COLLECTED DATA:
_____

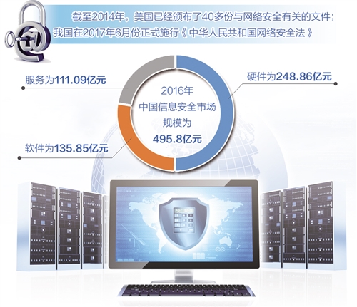 数据显示,目前国内网信安全市场的体量还很小,2016年中国信息安全市场规模为495.8亿元,其中硬件为248.86亿元,软件为135.85亿元,服务为111.09亿元。
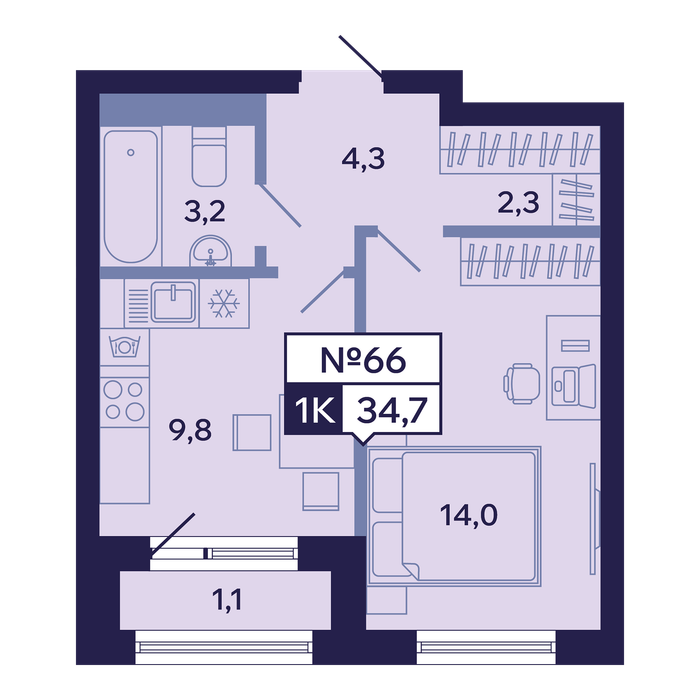 1-комн. 34,70 м² ・ № 66 ・ этаж 10/16 ・ ЖК "Ленские высоты", корп. 1
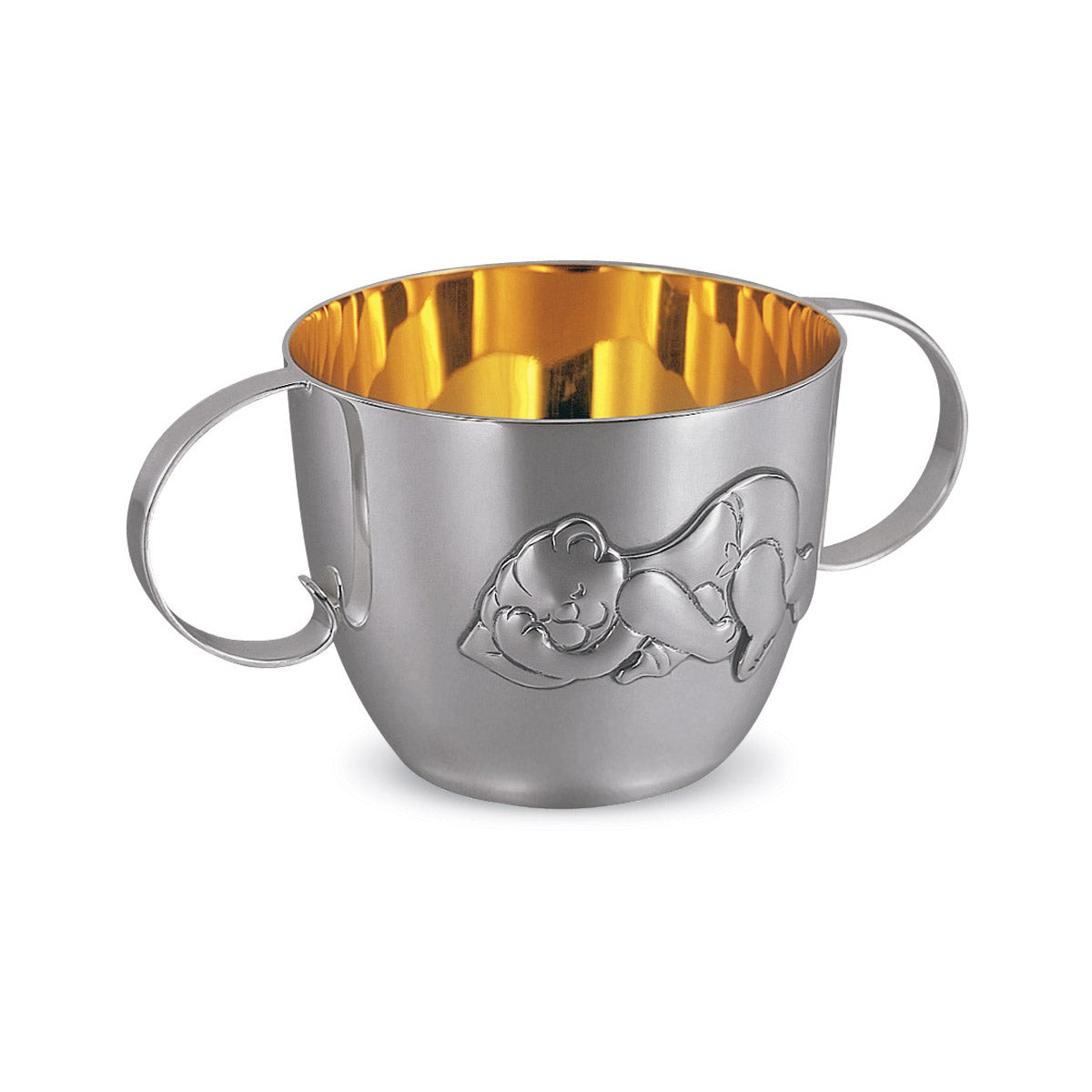 The mug provides two handles on each side for children to practice holding their mugs with both hands. The mug's exterior bowl features Teddy, while its interior is gilt in 24K gold. Space is available for personalisation.
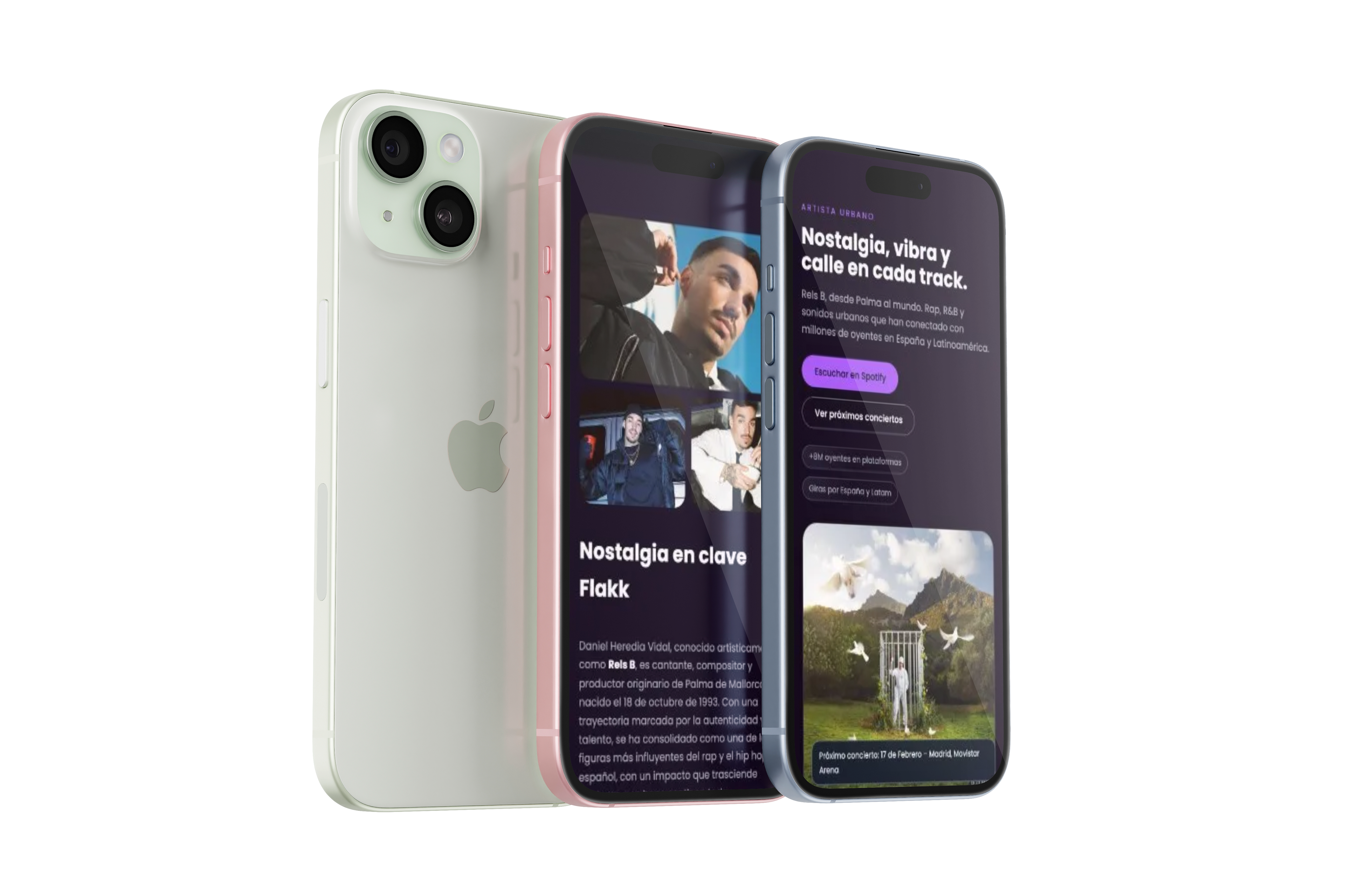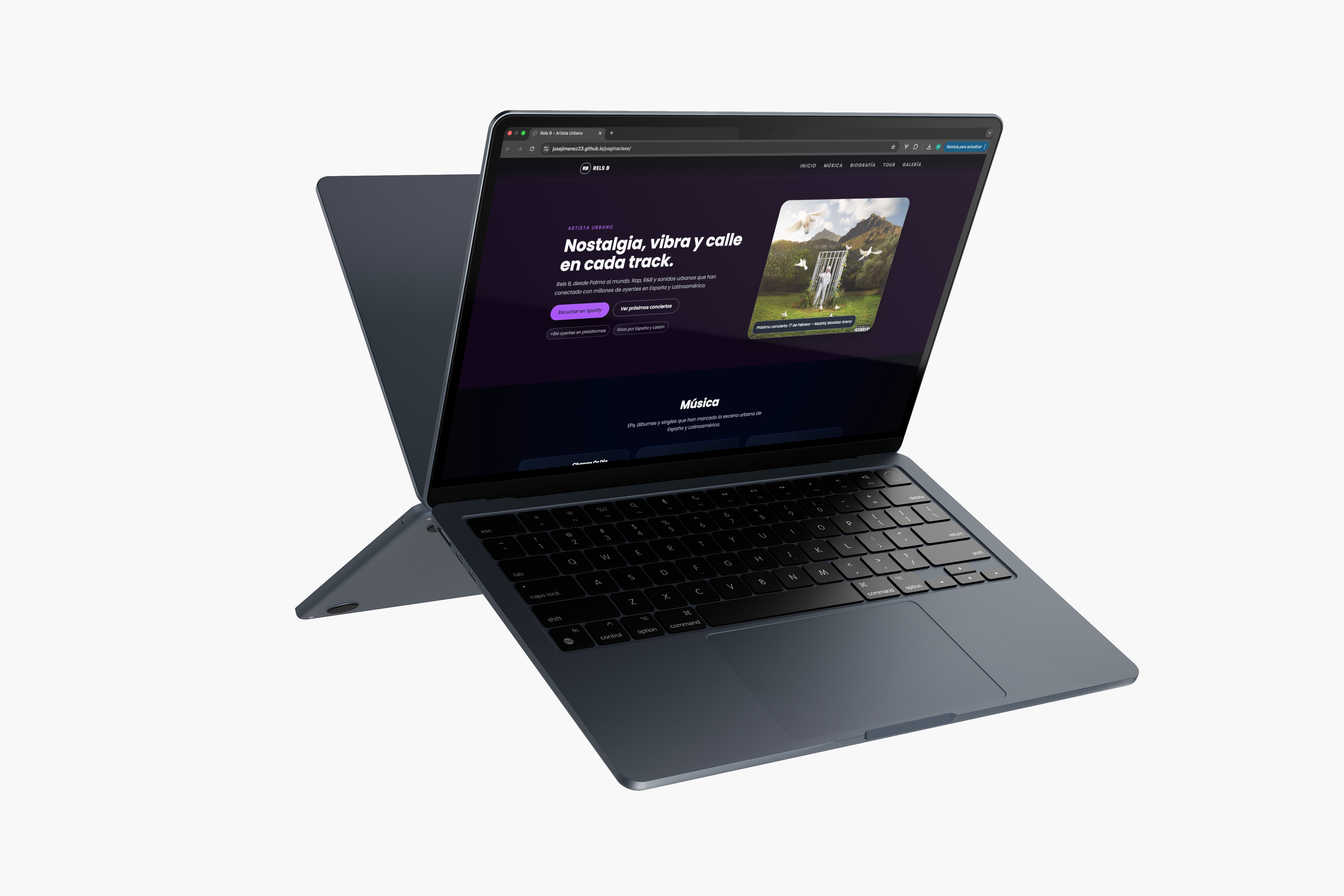 En la fase visual, apliqué una paleta en "Modo Oscuro" con degradados púrpuras para mantener la identidad del artista. A nivel técnico, la web está desarrollada con HTML5 y CSS3 nativo, utilizando sistemas de Flexbox y Grid para que el diseño sea totalmente adaptable. Es un sitio funcional, con una navegación fluida y optimizado para diferentes resoluciones.

_____

WHAT YOU NEED TO DO: The required answer is the material repeated exactly, with no images in it.

SOLUTION:
 数据显示,目前国内网信安全市场的体量还很小,2016年中国信息安全市场规模为495.8亿元,其中硬件为248.86亿元,软件为135.85亿元,服务为111.09亿元。
 1-комн. 34,70 м² ・ № 66 ・ этаж 10/16 ・ ЖК "Ленские высоты", корп. 1
 The mug provides two handles on each side for children to practice holding their mugs with both hands. The mug's exterior bowl features Teddy, while its interior is gilt in 24K gold. Space is available for personalisation.
 En la fase visual, apliqué una paleta en "Modo Oscuro" con degradados púrpuras para mantener la identidad del artista. A nivel técnico, la web está desarrollada con HTML5 y CSS3 nativo, utilizando sistemas de Flexbox y Grid para que el diseño sea totalmente adaptable. Es un sitio funcional, con una navegación fluida y optimizado para diferentes resoluciones.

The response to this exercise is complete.